Daniel’s fellow prisoner John Cantlie, the British war correspondent who was captured with James Foley, is probably still in captivity. He has appeared in a number of ISIS videos, first in a six-episode series entitled Lend Me Your Ears and later, as an Islamic State ‘reporter’ who has filmed in Kobanî, Mosul, Al-Bab and Aleppo under the guard of his kidnappers. In one of the videos he interviews a man identified by some as Abu Mohammed, his former French prison guard from the children’s hospital in Aleppo.
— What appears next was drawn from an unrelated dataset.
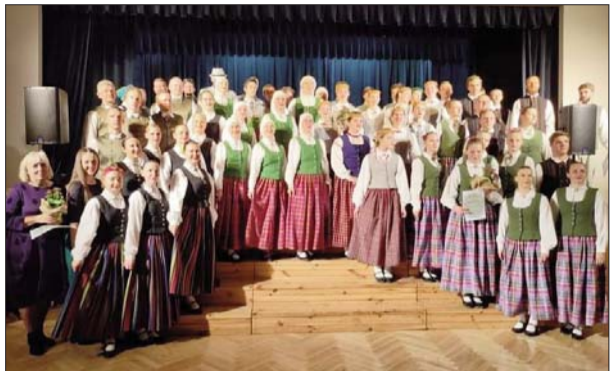
■ Koncerta "Deju virpuli" dejotāji

Oktobris Jersikā pagājis, gatavojoties ziemas sezonai. Komunālās saimniecības strādnieki nosiltināja ūdensvadu, ūdens skaitītājus pašvaldībai piederošajās ēkās un daudzdzīvokļu mājas koplietošanas telpās. Operatīvi tika novērsta ūdensvada avārija Liepu ielā, kur bija plūsusi caurule. Upenieku ciemā ūdensvads ir būvēts pirms vairāk kā 30 gadiem, tāpēc ir bieži bojājumi. Pašu spēkiem nomainītas caurules garākajos ūdensvada posmos. Dzeramā ūdens kvalitāte Upenieku ciemā ir uzlabojusies, jo rekonstruēta atdzelžošanas stacija. Strādnieki regulāri seko noteikumu attīrīšanas iekārtu darbībai Upeniekos un pie Jersikas pamatskolas.

In November 2015 Cantlie appeared in a byline in the IS magazine Dabiq. The piece, entitled ‘Shift: Paradigm Part II’, which may or may not have been written by Cantlie, discusses the caliphate and its currency. And in March 2016 he appeared in a video posted online by ISIS in which he is shown presenting a news report from Mosul that derides US attempts to deal with the extremist organization.

In the summer of 2015 President Barack Obama announced that the White House would not prosecute families of American hostages who negotiated private ransoms with terrorist organizations. If that had been the situation while James Foley was alive, the family would have been able to try to collect the ransom money and potentially save his life without the risk of prosecution.

Otherwise, Denmark, the United States and the United Kingdom maintain their policy of not paying ransoms for citizens who are held by terrorist groups such as IS.